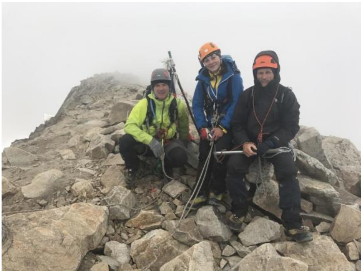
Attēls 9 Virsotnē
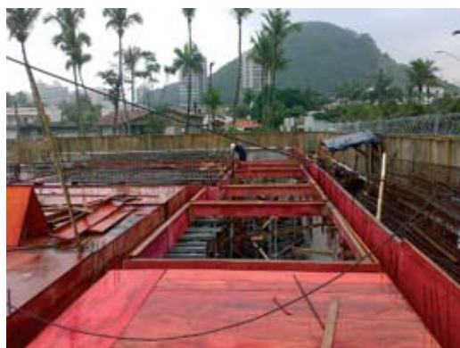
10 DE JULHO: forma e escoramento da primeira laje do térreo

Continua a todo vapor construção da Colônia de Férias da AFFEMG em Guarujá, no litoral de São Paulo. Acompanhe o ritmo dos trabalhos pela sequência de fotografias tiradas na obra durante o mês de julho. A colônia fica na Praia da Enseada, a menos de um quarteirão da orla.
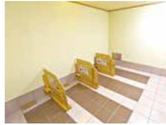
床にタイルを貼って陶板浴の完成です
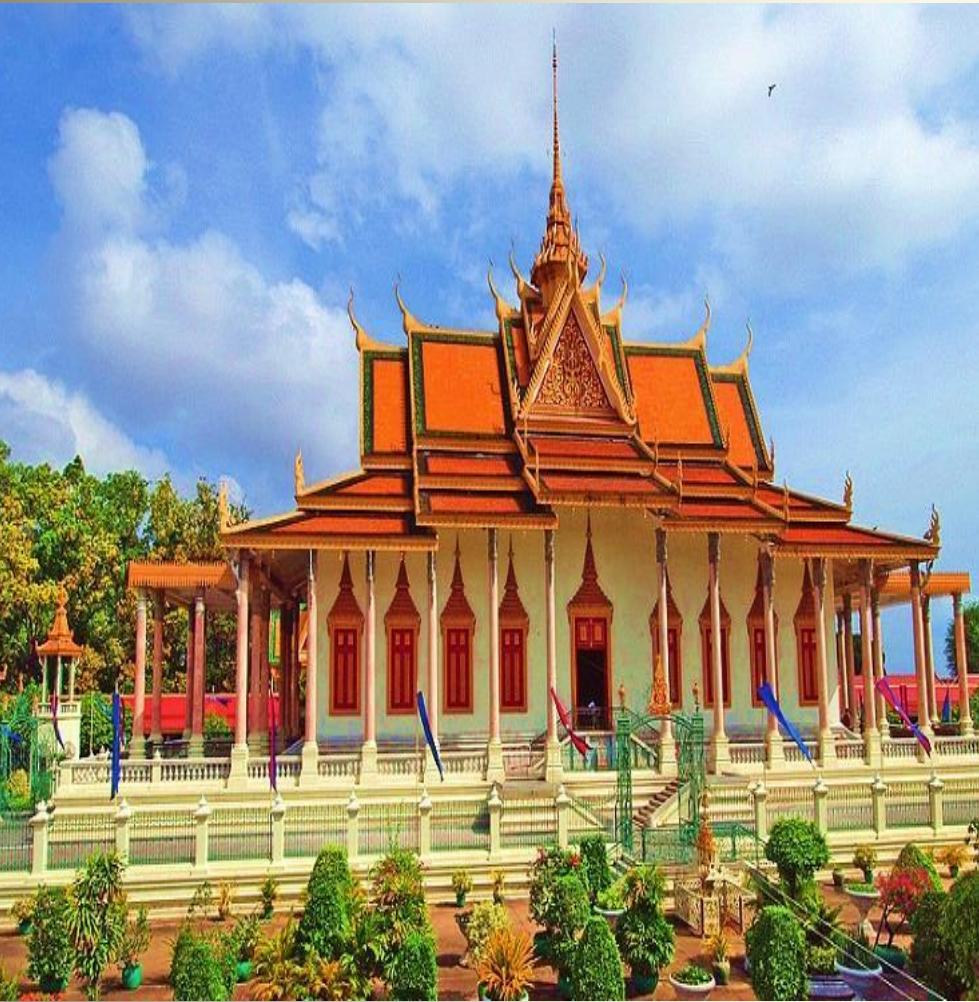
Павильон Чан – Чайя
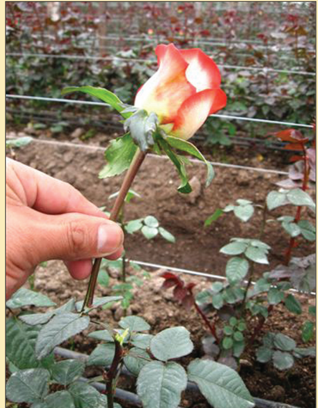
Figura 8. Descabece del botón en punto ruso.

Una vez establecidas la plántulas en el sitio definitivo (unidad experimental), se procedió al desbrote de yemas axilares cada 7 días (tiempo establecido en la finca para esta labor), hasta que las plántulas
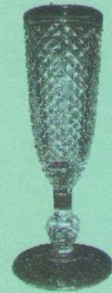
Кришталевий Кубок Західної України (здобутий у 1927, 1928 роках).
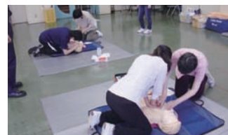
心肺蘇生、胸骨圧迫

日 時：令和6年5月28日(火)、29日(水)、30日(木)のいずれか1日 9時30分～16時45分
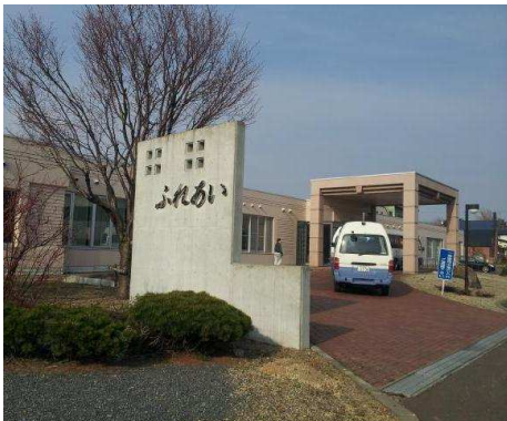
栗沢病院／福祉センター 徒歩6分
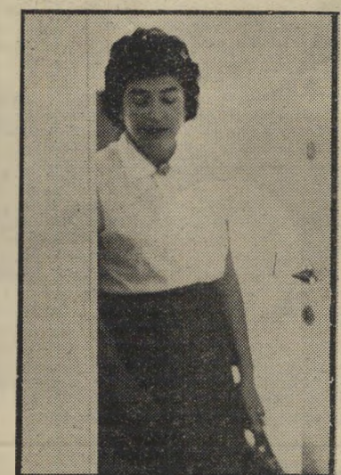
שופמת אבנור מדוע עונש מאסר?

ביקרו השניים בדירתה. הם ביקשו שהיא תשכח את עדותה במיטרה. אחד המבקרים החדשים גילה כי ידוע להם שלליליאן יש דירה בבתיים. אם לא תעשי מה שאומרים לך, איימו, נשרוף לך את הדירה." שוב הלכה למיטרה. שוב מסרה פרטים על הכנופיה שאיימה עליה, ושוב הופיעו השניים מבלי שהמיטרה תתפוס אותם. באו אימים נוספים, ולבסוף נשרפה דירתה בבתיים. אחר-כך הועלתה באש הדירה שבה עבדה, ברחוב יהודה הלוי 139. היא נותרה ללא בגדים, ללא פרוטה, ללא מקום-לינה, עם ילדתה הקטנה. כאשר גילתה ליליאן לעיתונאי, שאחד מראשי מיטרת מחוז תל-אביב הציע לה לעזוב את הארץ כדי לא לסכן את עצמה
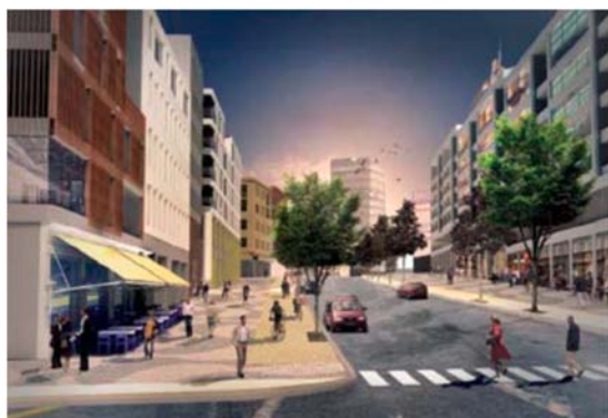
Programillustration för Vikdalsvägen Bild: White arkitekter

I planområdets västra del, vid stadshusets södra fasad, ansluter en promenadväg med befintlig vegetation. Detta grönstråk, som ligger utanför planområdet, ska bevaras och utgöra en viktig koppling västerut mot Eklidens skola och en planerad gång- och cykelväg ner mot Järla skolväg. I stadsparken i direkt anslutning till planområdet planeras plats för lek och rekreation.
---------------
*REQUIRED WORK*:
Word for word, output the lines from the line bearing "ביקרו השניים בדירתה." through the end of the records above, and only those, without the pictures.

*ANSWER FOR THIS EXERCISE*:
ביקרו השניים בדירתה. הם ביקשו שהיא תשכח את עדותה במיטרה. אחד המבקרים החדשים גילה כי ידוע להם שלליליאן יש דירה בבתיים. אם לא תעשי מה שאומרים לך, איימו, נשרוף לך את הדירה." שוב הלכה למיטרה. שוב מסרה פרטים על הכנופיה שאיימה עליה, ושוב הופיעו השניים מבלי שהמיטרה תתפוס אותם. באו אימים נוספים, ולבסוף נשרפה דירתה בבתיים. אחר-כך הועלתה באש הדירה שבה עבדה, ברחוב יהודה הלוי 139. היא נותרה ללא בגדים, ללא פרוטה, ללא מקום-לינה, עם ילדתה הקטנה. כאשר גילתה ליליאן לעיתונאי, שאחד מראשי מיטרת מחוז תל-אביב הציע לה לעזוב את הארץ כדי לא לסכן את עצמה
Programillustration för Vikdalsvägen Bild: White arkitekter

I planområdets västra del, vid stadshusets södra fasad, ansluter en promenadväg med befintlig vegetation. Detta grönstråk, som ligger utanför planområdet, ska bevaras och utgöra en viktig koppling västerut mot Eklidens skola och en planerad gång- och cykelväg ner mot Järla skolväg. I stadsparken i direkt anslutning till planområdet planeras plats för lek och rekreation.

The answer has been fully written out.